Письмо Л. Н. Толстого — Т. А. Ергольской

1860 г. Сентября 24 и 25 / октября 6 и 7. Гиер.

«Милый друг тетинька!

Вот письмо Сереже, которое я посылаю на ваше имя, вы прочтете всё. Посреди нашего горя верьте, что мы с Машенькой каждую минуту вспоминали вас и думали о том, как тяжело вам будет перенести еще этот удар. Утешений нет никаких как для вас, так и для меня, одно, что он умер так, как я бы желал умереть, спокойно, кротко и прекрасно. Тут не было священника, и я уверен, что он бы причастился, ежели бы это можно было. Никто, впрочем, не думал, что это будет так скоро. Доктор, который видел его за несколько часов, потом говорил, что он никак не ожидал этого. Впрочем, такой кротости и доброты, как последние его дни, трудно вообразить себе. Да и вся жизнь его! <…> Берегите себя, милый друг тетинька, теперь ваша любовь нам всем еще в 10 раз нужнее. Прощайте, целую ваши руки» (60, 355–356).

Письмо Л. Н. Толстого — гр. А. А. Толстой

1860 г. Октября 17/29. Гиер.

«Я вас потерял из виду, любезный друг Alexandrine, потому что уехал за границу с сестрой, и главное, за братом Николаем, который осенью заболел, и вот скоро месяц, что умер. А никогда мне так нужно вас не было, как это время. Два месяца я час за часом следил за его погасанием, и он умер буквально на моих руках. Мало того, что это один из лучших людей, которых я встречал в жизни, что он был брат, что с ним связаны лучшие воспоминания моей жизни, — это был лучший мой друг. Тут разговаривать нечего; вы, может быть, это знаете, но не так, как я; не то, что половина жизни оторвана, но вся энергия жизни с ним похоронена. Не зачем жить, коли он умер — и умер мучительно; так что же тебе будет? — Еще хуже. — Вам хорошо, ваши мертвые живут там, вы свидитесь с ними (хотя мне всегда кажется, что искренно нельзя этому верить — было бы слишком хорошо); а мои мертвые исчезли, как сгоревшее дерево. Вот уж месяц, я стараюсь работать, опять писать, что я было бросил, но самому смешно. В Россию ехать не зачем. Тут я живу, тут могу и жить. Кстати сестра здесь с детьми. Я вам пишу не для того, чтобы вы утешали меня. Пожалуйста, не пишите мне ничего обо мне; пожалуйста, ничего не пишите. Пишите о себе, о России, о делах наших, о вашей матушке, сестре, княжнах.

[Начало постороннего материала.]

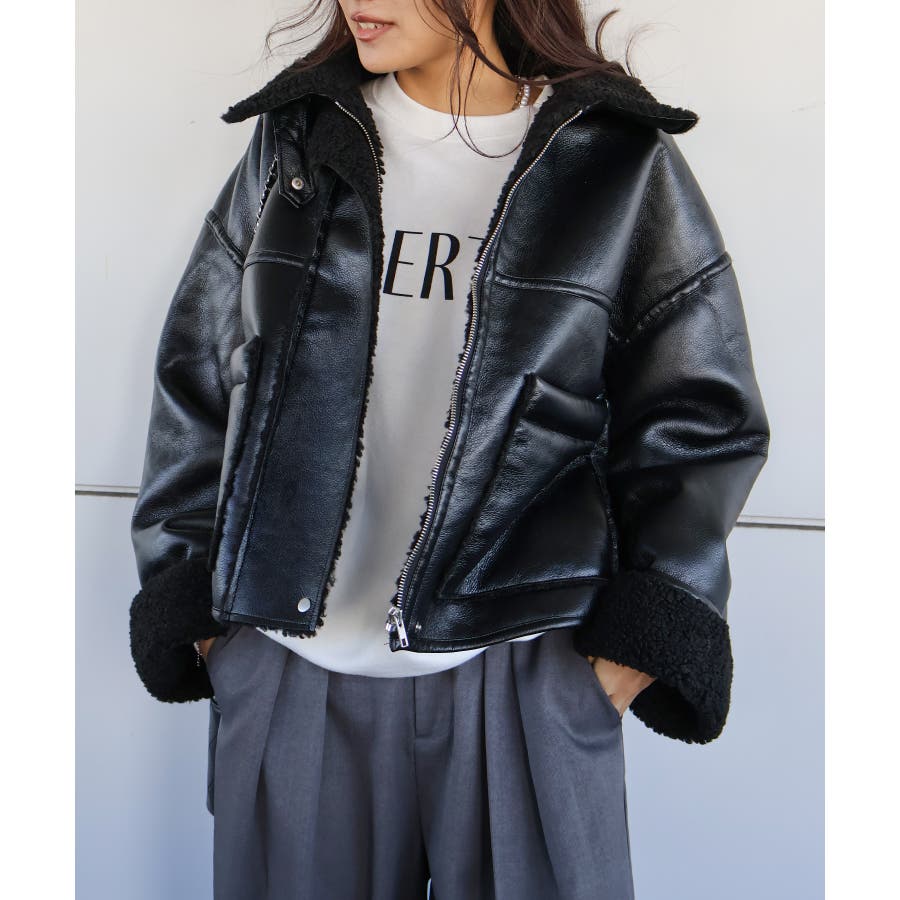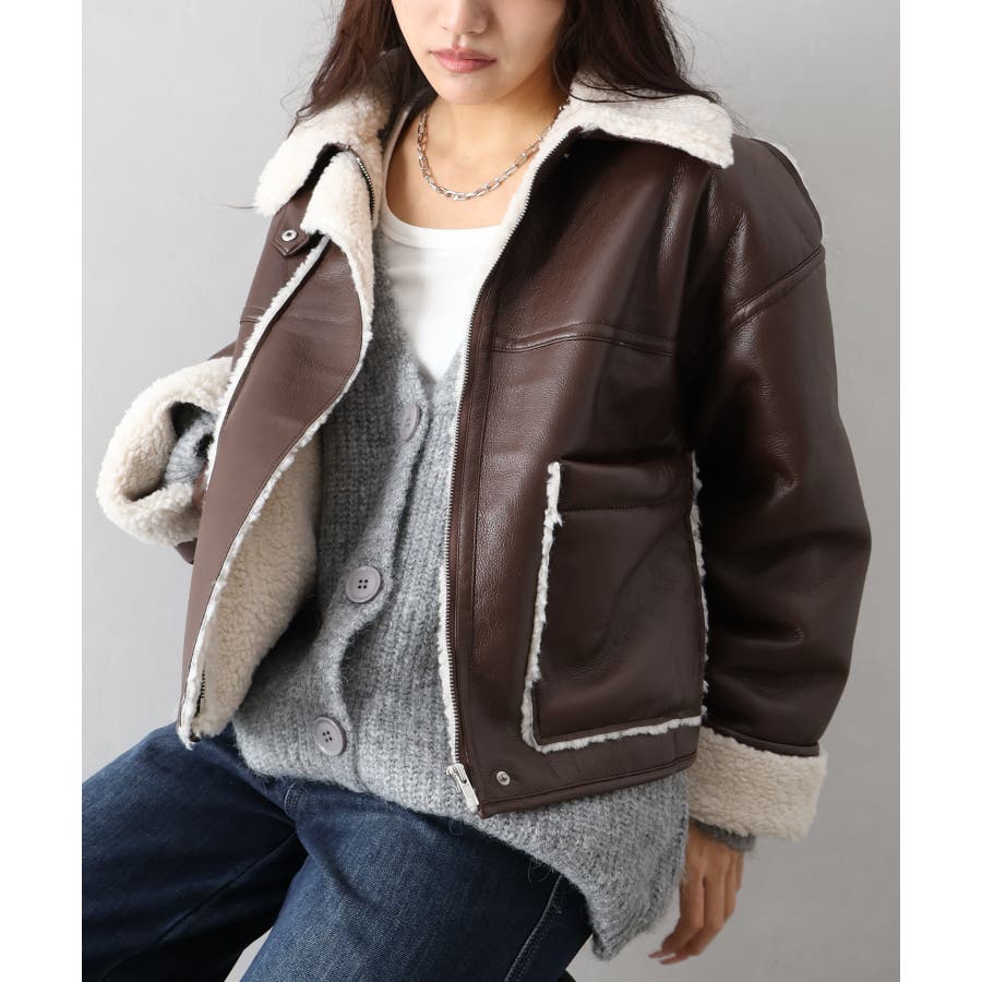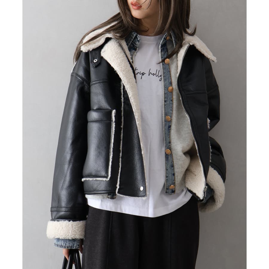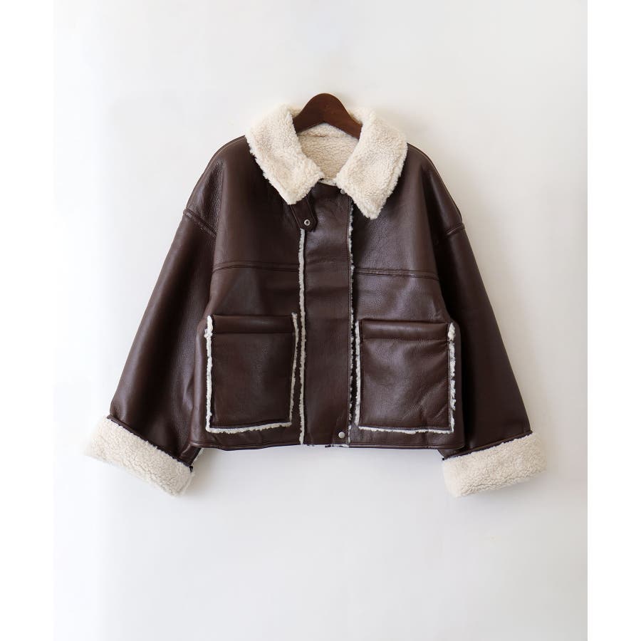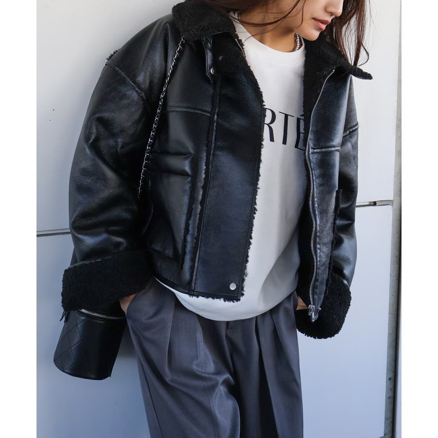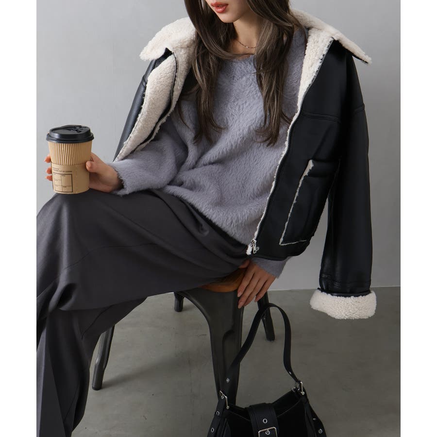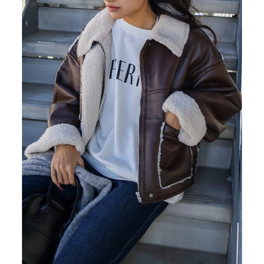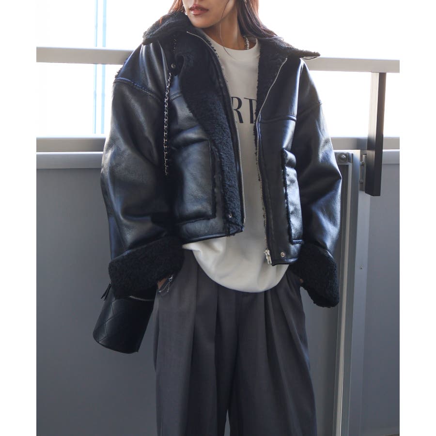 ふっくらボアカラーと太めの切り替えラインが目を惹く、冬の主役アウター。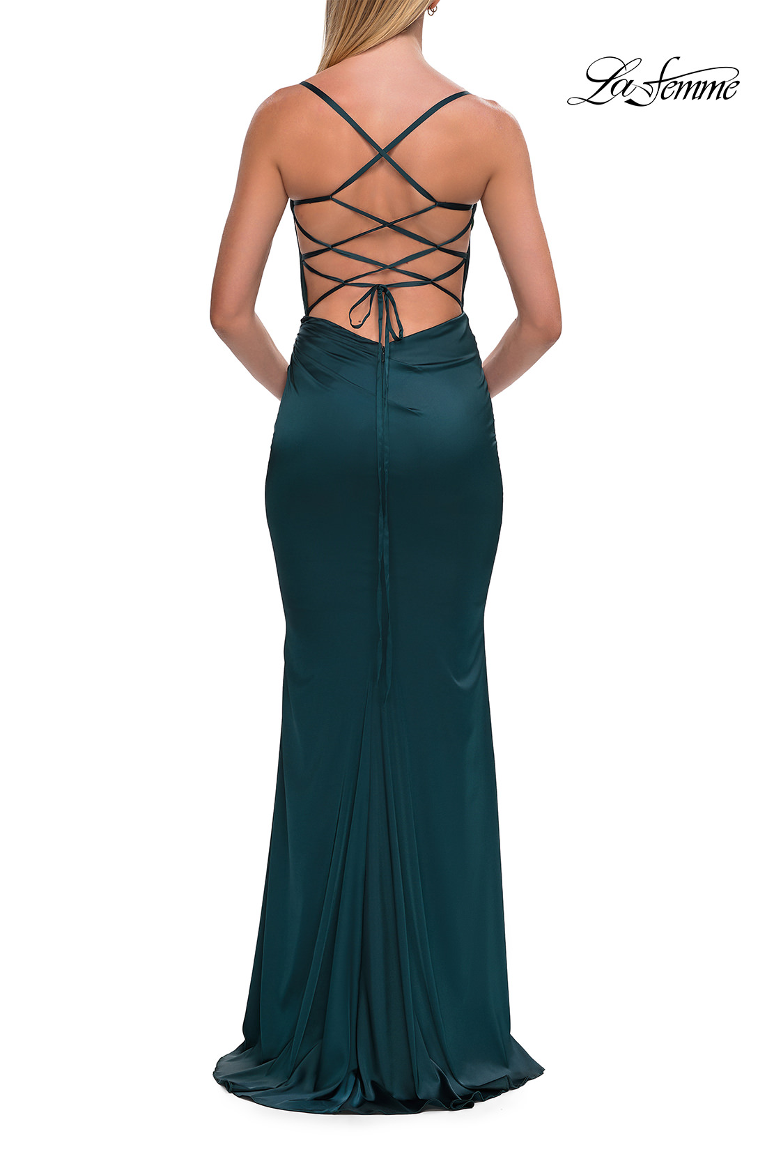This sleek satin gown features a softly draped cowl neckline and delicate spaghetti straps for a timeless, feminine look. The fitted silhouette flatters the figure, while the open lace-up back adds a touch of allure. Finished with subtle ruching at the waist and a flowing skirt. Back zipper closure.

Я говорил сестре, как в горе узнаются друзья, — не так, как это думают, что они помогают, но потому что в горе только воспоминанья о лучших людях всплывают наружу. Не было дня, чтобы я не вспоминал про вас, и что бы я дал, чтобы последние дни на секундочку увидать вас» (60, 356).

Письмо Л. Н. Толстого — А. А. Фету

1860 г. Октября 17/29. Гиер.

«Мне думается, что вы уже знаете то, что случилось. Нашего 2 °Cентября он умер, буквально на моих руках. Ничто в жизни не делало на меня такого впечатления. Правду он говаривал, что хуже смерти ничего нет. А как хорошенько подумать, что она все-таки конец всего, так и хуже жизни ничего нет. Для чего хлопотать, стараться, коли от того, что было H. Н. Толстой, для него ничего не осталось. Он не говорил, что чувствует приближение смерти, но я знаю, что он за каждым шагом ее следил и верно знал, что еще остается. За несколько минут перед смертью он задремал и вдруг очнулся и с ужасом прошептал: „Да что ж это такое?“ — Это он ее увидел — это поглощение себя в ничто. А уж ежели он ничего не нашел, за что ухватиться, что же я найду? Еще меньше. И уж верно не я и никто так не будет до последней минуты бороться с ней, как он. Дня за два я ему говорю: „Нужно бы тебе судно в комнату поставить“. „Нет, говорит, я слаб, но еще не так; еще мы поломаемся“.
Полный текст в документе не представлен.